> **Your assignment**:
Using the listing below, set down exactly the lines from the one that contains "Elevate your beverage" through the one that contains "這款在7月26日發布的內置安", with no pictures.

> **The data**:
╭──

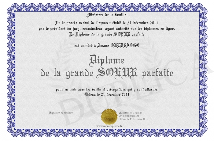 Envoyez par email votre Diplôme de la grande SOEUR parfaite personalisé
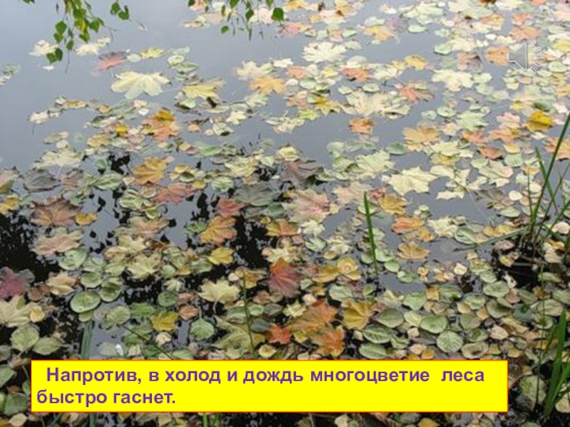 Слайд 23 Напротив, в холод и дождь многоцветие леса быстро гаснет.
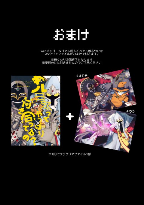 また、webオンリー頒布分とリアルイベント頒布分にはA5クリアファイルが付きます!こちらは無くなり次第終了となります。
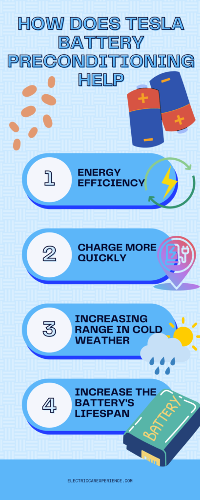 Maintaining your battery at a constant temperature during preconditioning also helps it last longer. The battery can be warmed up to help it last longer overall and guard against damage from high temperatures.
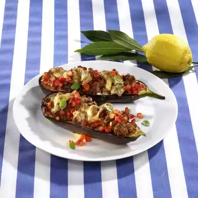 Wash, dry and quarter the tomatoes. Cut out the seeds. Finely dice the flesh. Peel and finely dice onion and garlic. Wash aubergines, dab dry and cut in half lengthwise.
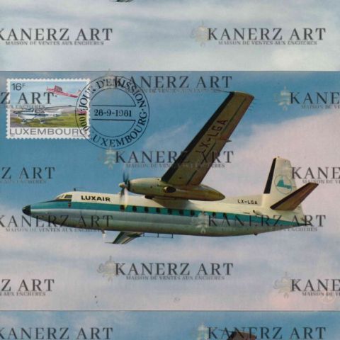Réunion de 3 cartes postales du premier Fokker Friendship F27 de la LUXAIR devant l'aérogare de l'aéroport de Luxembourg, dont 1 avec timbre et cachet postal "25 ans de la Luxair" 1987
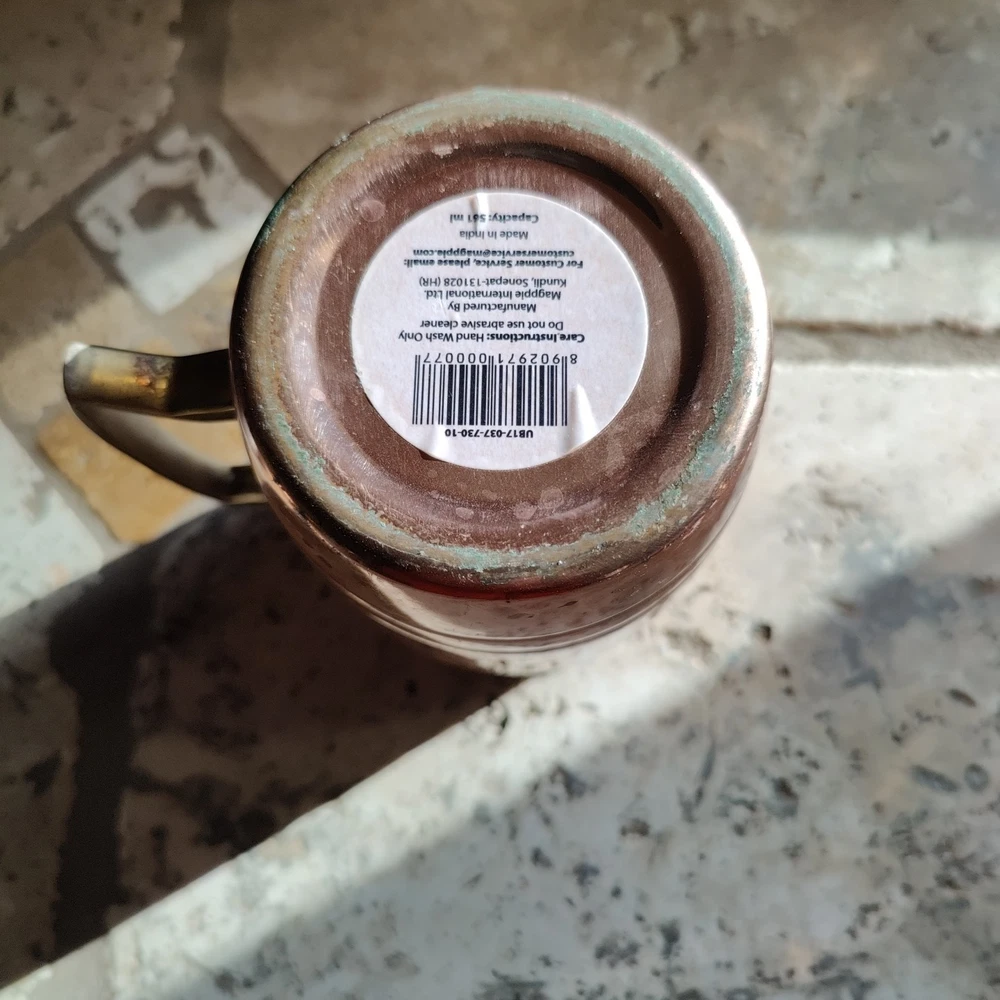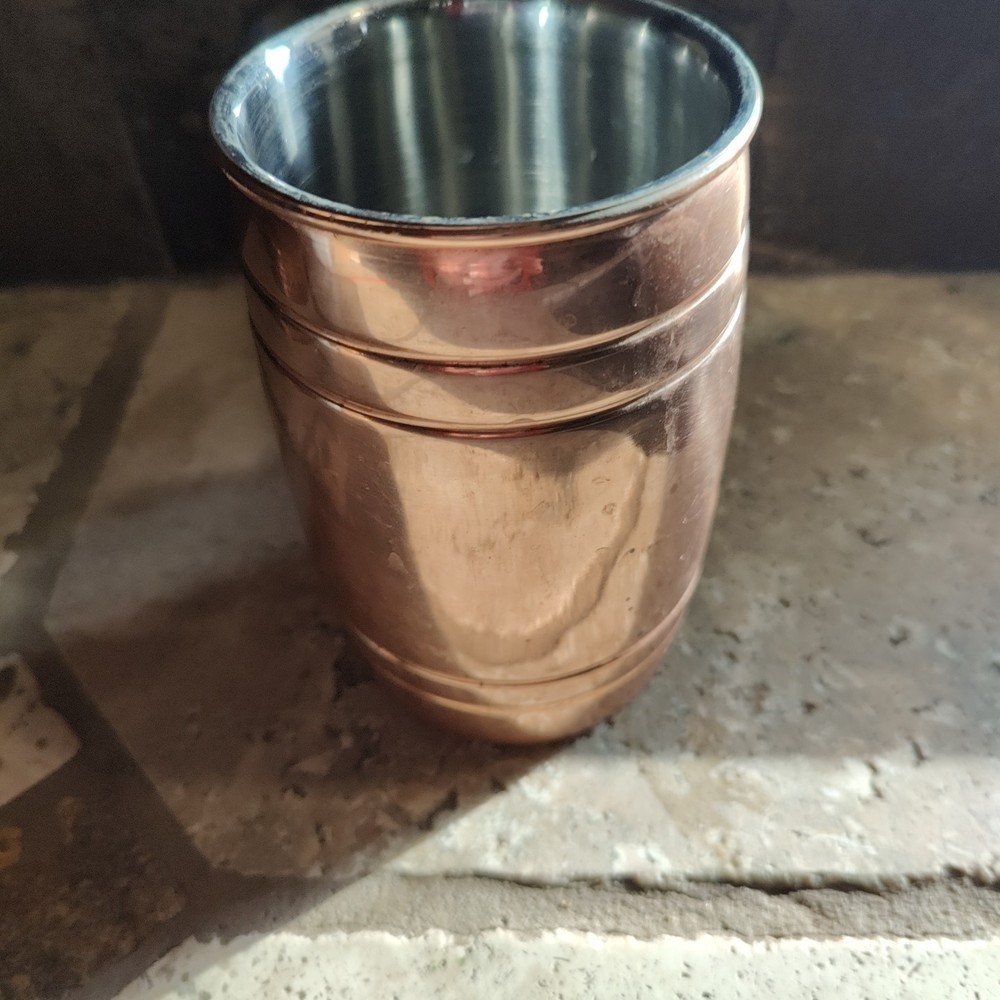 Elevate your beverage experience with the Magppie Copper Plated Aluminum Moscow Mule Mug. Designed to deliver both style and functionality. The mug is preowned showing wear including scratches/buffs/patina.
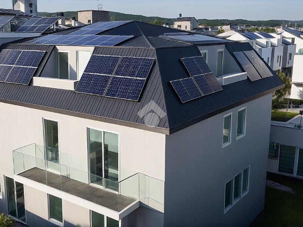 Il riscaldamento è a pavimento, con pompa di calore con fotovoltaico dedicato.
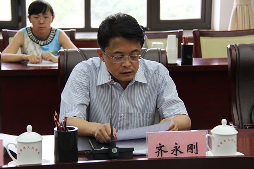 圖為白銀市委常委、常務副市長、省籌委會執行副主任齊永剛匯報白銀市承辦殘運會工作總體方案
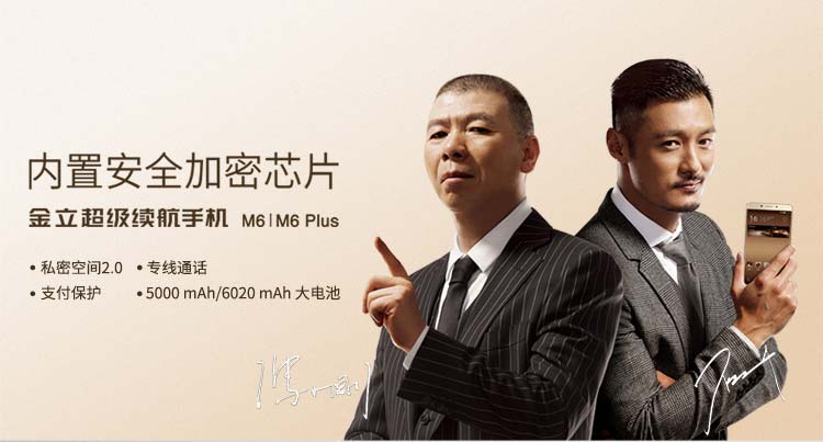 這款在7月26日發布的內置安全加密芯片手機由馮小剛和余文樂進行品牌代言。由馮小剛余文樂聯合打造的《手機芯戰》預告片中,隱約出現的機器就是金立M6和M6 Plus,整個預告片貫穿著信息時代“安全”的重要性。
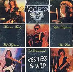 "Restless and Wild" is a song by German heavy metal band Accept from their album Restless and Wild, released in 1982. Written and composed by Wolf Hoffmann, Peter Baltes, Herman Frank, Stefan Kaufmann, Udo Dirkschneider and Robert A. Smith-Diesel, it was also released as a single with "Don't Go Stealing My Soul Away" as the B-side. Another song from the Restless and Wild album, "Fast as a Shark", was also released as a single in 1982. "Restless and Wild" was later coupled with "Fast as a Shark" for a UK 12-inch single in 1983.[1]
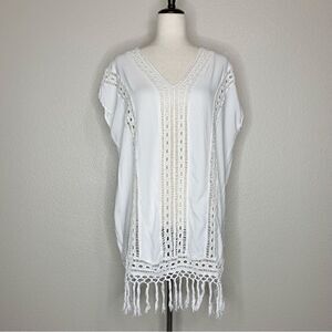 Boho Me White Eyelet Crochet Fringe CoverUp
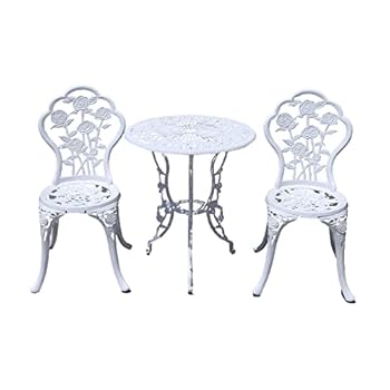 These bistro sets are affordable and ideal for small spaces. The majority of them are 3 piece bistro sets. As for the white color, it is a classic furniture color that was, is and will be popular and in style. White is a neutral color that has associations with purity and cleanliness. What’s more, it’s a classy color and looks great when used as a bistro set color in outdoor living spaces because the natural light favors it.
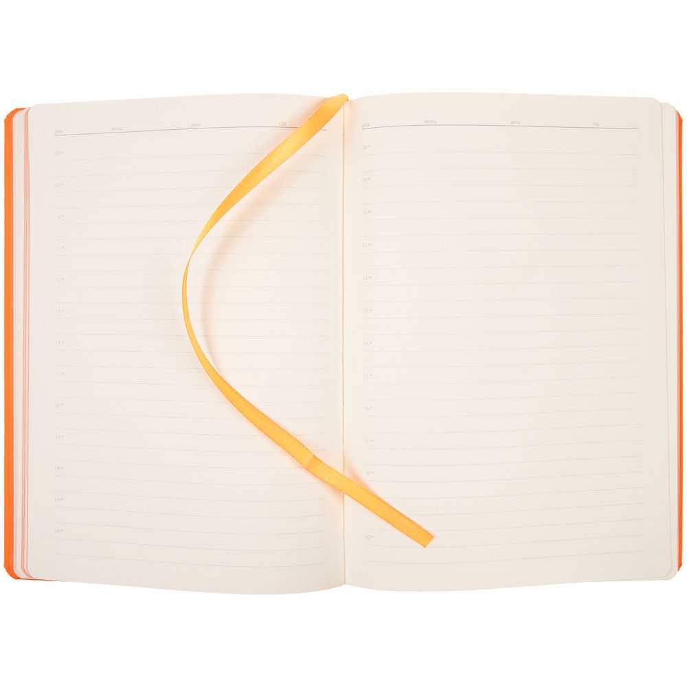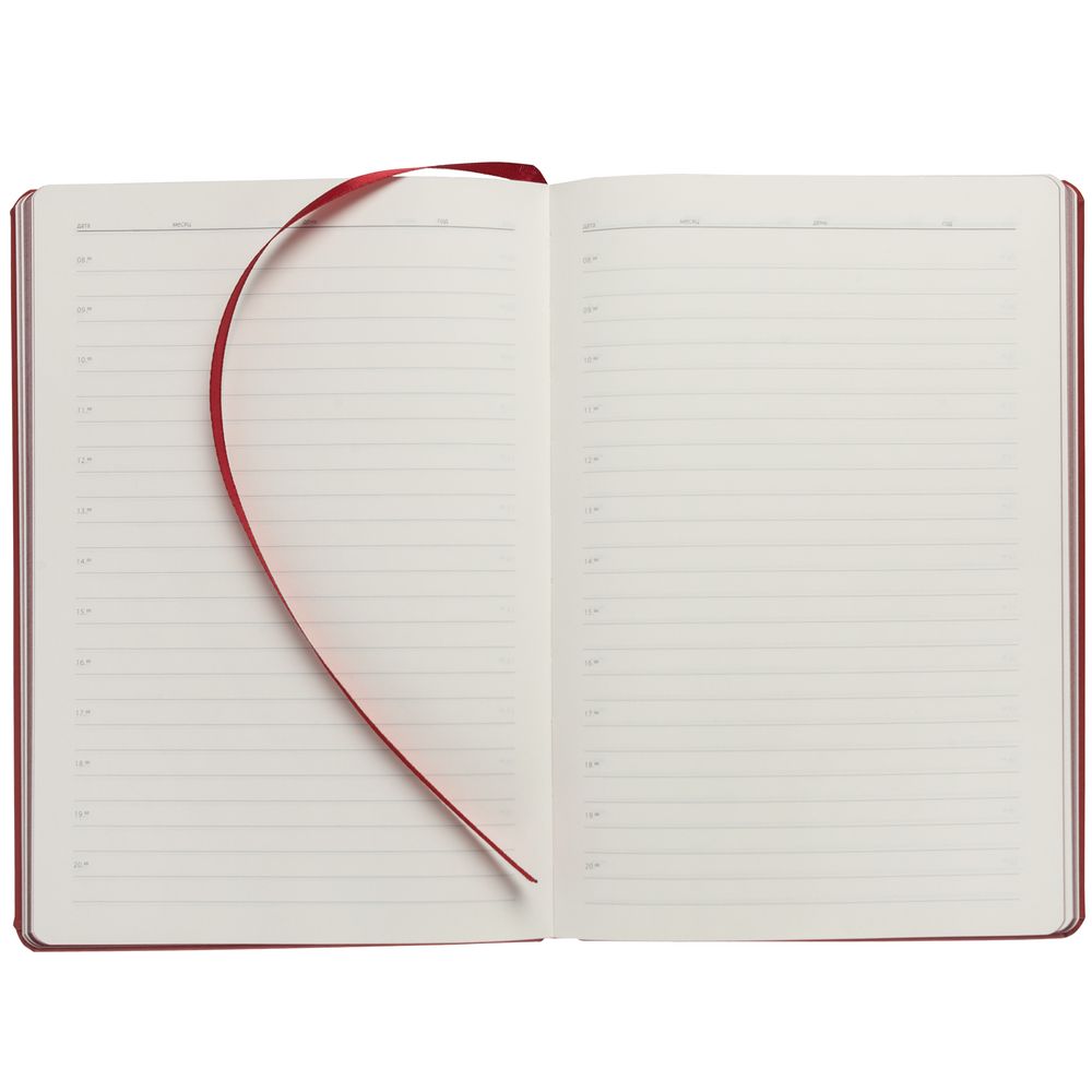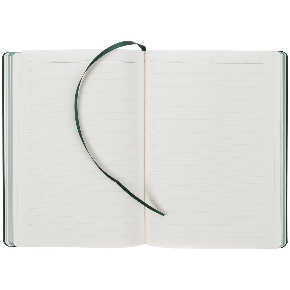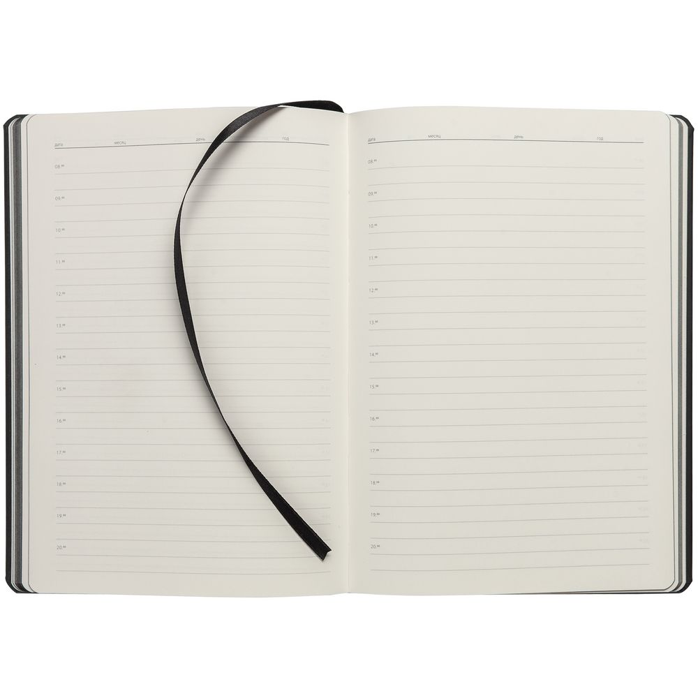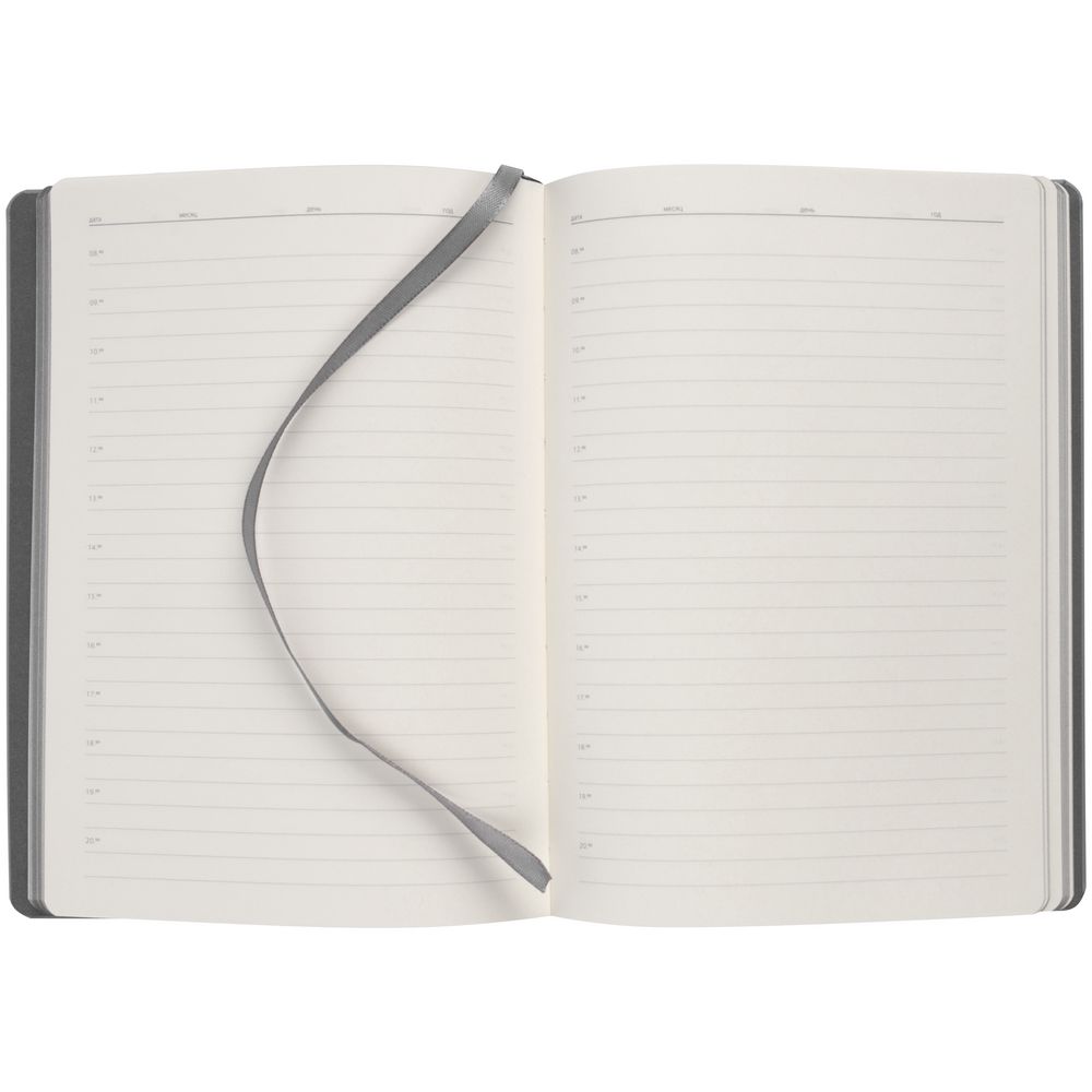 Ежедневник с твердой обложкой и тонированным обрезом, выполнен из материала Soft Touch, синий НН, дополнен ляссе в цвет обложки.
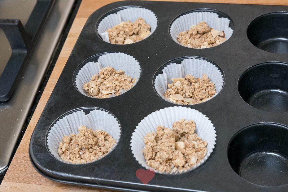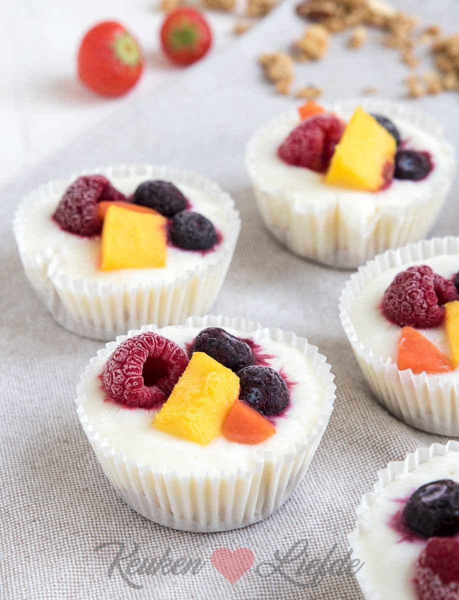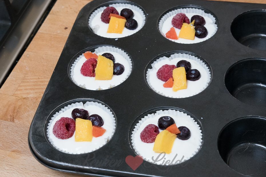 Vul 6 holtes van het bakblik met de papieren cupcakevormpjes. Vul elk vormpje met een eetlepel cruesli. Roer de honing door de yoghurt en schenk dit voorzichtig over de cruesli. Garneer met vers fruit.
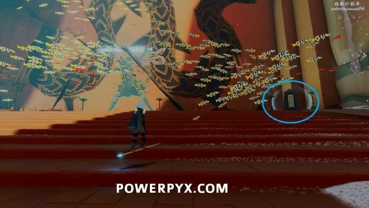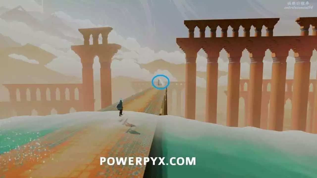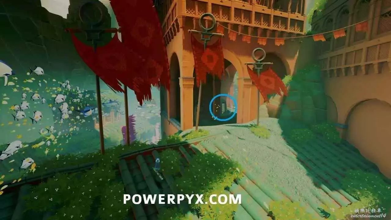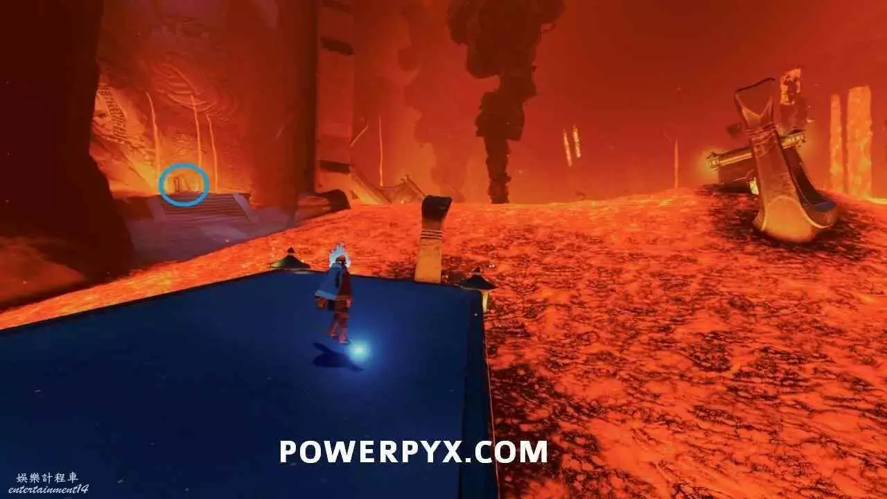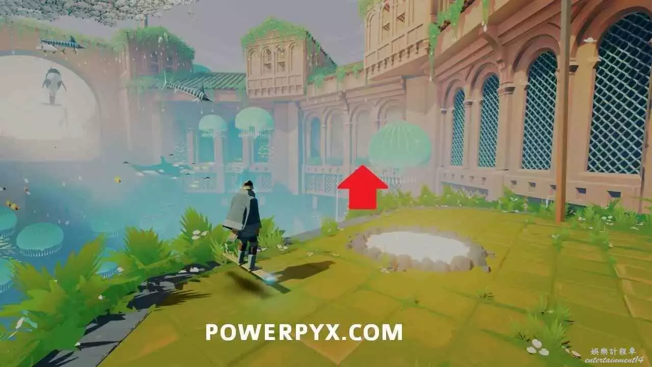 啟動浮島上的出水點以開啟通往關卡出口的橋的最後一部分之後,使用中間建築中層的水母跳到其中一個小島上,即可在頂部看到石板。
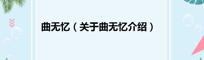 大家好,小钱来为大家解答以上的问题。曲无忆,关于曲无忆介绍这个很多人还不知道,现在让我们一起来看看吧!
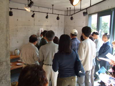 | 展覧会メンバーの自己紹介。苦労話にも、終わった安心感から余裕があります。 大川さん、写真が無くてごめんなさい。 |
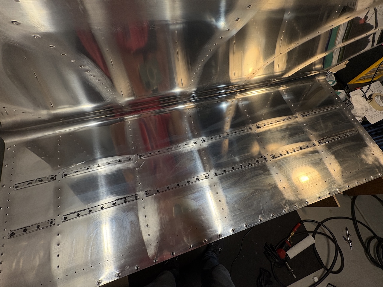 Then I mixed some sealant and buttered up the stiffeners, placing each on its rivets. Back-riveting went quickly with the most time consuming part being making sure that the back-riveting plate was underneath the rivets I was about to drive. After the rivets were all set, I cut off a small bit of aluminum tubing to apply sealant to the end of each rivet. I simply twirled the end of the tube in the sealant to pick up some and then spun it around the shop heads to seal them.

╰──

> **Exercise response**:
 Elevate your beverage experience with the Magppie Copper Plated Aluminum Moscow Mule Mug. Designed to deliver both style and functionality. The mug is preowned showing wear including scratches/buffs/patina.
 Il riscaldamento è a pavimento, con pompa di calore con fotovoltaico dedicato.
 圖為白銀市委常委、常務副市長、省籌委會執行副主任齊永剛匯報白銀市承辦殘運會工作總體方案
 這款在7月26日發布的內置安全加密芯片手機由馮小剛和余文樂進行品牌代言。由馮小剛余文樂聯合打造的《手機芯戰》預告片中,隱約出現的機器就是金立M6和M6 Plus,整個預告片貫穿著信息時代“安全”的重要性。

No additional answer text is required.